Anemia incidence increases as CKD progresses, and hence there is a continuous demand for effective treatments. Vadadustat is an oral hypoxia-inducible factor prolyl hydroxylase inhibitor and has been approved by the US FDA for the treatment of anemia in dialysis-dependent chronic kidney disease patients for more than three months. In prior Phase 3 INNO2VATE trials, vadadustat was reported to be non-inferior compared to darbepoetin alfa in maintaining hemoglobin levels and in reducing the time to first major adverse cardiovascular event.
The Phase 3b study led by Dr. Laura A. Kooienga of Colorado Kidney Care was an open-label, active-controlled trial including 319 DD-CKD patients. Patients were randomized 1:1:1 to once-daily vadadustat (300 or 450 mg), 3-times-weekly vadadustat (600 or 750 mg), or darbepoetin alfa. The study comprised two periods: a conversion period (Weeks 0 to 20) and a maintenance period (Weeks 20 to 52). The primary objective of the study was to determine the average change in hemoglobin from baseline over the period of conversion, focusing on non-inferiority to darbepoetin alfa.
• The trial showed that vadadustat QD was non-inferior to darbepoetin alfa, in a least-squares mean treatment difference of –0.27 g/dL [95% CI, –0.55 to 0.01].

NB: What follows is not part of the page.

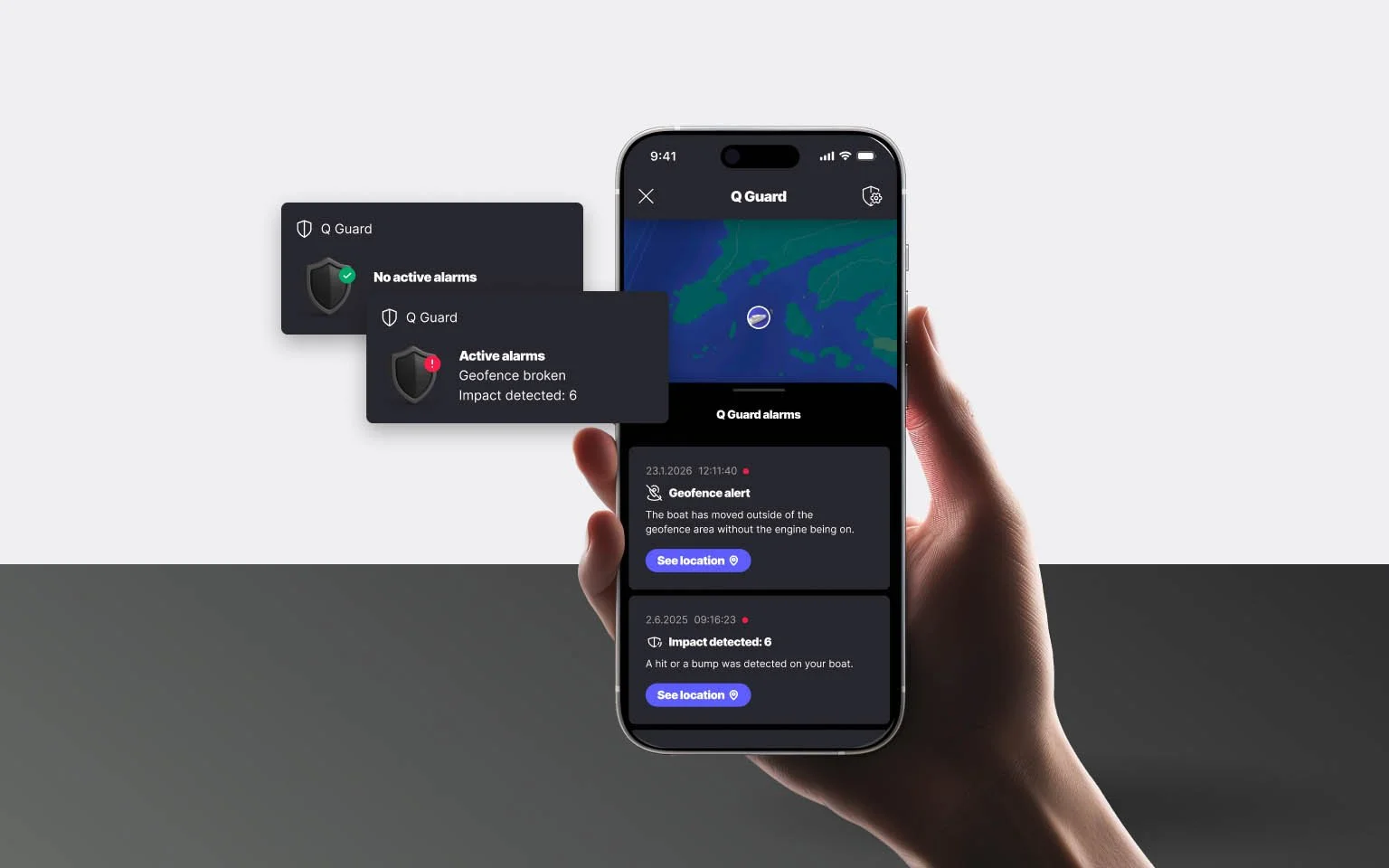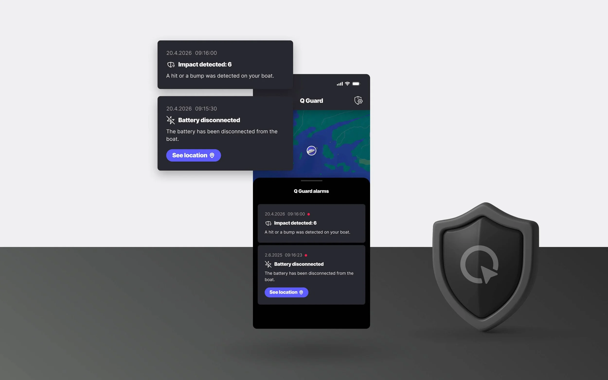 Q Guard is your boat's remote security and monitoring system. It keeps an eye on your boat around the clock and sends you an alert directly to your phone if something unexpected happens - whether you are at home, at work, or anywhere else.

• Vadadustat dosing 3 times a week did not meet the non-inferiority margin, with a least-squares mean treatment difference of –0.53 g/dL [95% CI, –0.80 to –0.25].
• The least-squares mean change from baseline for once-daily vadadustat for secondary endpoints was –0.40 (95% CI, –0.79 to –0.02) versus darbepoetin alfa and –0.42 (95% CI, –0.81 to –0.02) in the 3-times-weekly dosing.
• A lower percentage of patients treated with vadadustat required ESA rescue for a hemoglobin level less than 9.5 g/dL (7.6% and 9.8% in the once-daily and 3-times-weekly groups, respectively, compared with 15.6% for darbepoetin alfa).
• Safety Profile Regarding safety, TEAEs were reported for 12.4% of patients in the once-daily vadadustat group and for 16.3% in the 3-times-weekly group, while for patients in the darbepoetin alfa cohort, no such profile was reported.
• TEAEs leading to discontinuation occurred for 2.9% in the once-daily vadadustat group, 10.6% in the 3-times-a-week group, and 2.8% in the darbepoetin alfa group.
• Gastrointestinal disorders were more frequent in patients receiving vadadustat. Overall, the investigators pointed out that the open-label design might have impacted the reporting of adverse events.
Vadadustat is a safe and effective oral treatment for the management of anemia in DD-CKD patients; once-daily dosing has proved non-inferior to darbepoetin alfa. The current study supports the use of vadadustat, although additional studies will be needed for the continued evaluation of dosing regimens and long-term safety.
Reference:
Kooienga L, Burke S, Kathresal A, et al. Safety and Efficacy of Vadadustat Once-Daily and 3-Times-Weekly in Dialysis-Dependent Chronic Kidney Disease Patients with Anemia. Kidney360. Published online September 4, 2024. doi:10.34067/KID.0000000567
Dr Riya Dave has completed dentistry from Gujarat University in 2022. She is a dentist and accomplished medical and scientific writer known for her commitment to bridging the gap between clinical expertise and accessible healthcare information. She has been actively involved in writing blogs related to health and wellness.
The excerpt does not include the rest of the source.